The eight years of hybrid warfare that Russia had waged against Ukraine in the Donbas, divided by the Minsk agreements, turned Ukraine into a different country and society from those of 2014. A country divided by issues of history, culture, and identity when the Crimea was annexed was now united by the desire to defend its sovereignty, democratic order, and way of life at almost any price.

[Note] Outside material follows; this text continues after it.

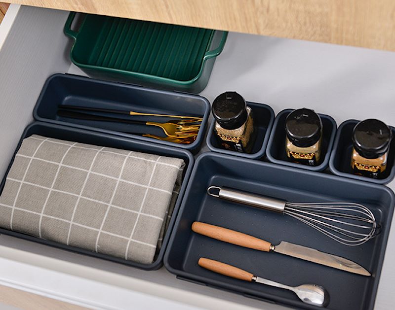- Во кујната: За уредно чување на прибор за јадење, зачини, мали кујнски алатки или ќесички со храна.

The war had changed the electoral map of Ukraine. The first wartime presidential elections, held in May 2014, yielded unprecedented results: Petro Poroshenko won in the first round with 55 percent of the vote—the first time this had happened since 1991. Even more important, Poroshenko carried 187 precincts out of 188 remaining under Ukrainian control. The dividing line of the previous presidential elections, which had split Ukraine in half between pro-European and pro-Russian candidates, was now gone. The war had produced a much more homogenous country.

Russia’s annexation of the Crimea and takeover of significant portions of Ukraine’s Donbas removed the traditionally most pro-Russian areas, with the greatest number of ethnic Russians and Russian speakers in Ukraine, from Ukrainian political and cultural space. Those areas had also served as bases for Russia-friendly political parties. Russia did its utmost to support former allies of the ousted president, Viktor Yanukovych, but they were divided and weak after losing a significant part of their electoral base. The forces led by the Ukrainian businessman and politician Viktor Medvedchuk, who was close to Putin, also remained weak despite the support of television channels and newspapers funded with Russian assistance.

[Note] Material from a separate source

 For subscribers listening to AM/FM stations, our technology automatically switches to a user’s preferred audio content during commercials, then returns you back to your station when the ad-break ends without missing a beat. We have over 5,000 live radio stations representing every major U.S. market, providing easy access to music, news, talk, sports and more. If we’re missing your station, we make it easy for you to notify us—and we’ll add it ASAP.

The growth of Ukrainian political identity began with the rejection of symbols of the Soviet past. The Maidan protests of 2014 unleashed a wave of demolition of monuments to Vladimir Lenin, the main symbol of communist and, in the eyes of many, Russian domination of Ukraine. More than 500 such monuments were toppled by anti-communist activists in the first half of 2014, mostly in the center of the country. The rest, more than 1,500 that remained in the regions of southeastern Ukraine controlled by Kyiv, were removed in the course of the next few years by decision of parliament, which adopted the so-called “decommunization laws” prohibiting the public display of communist symbols.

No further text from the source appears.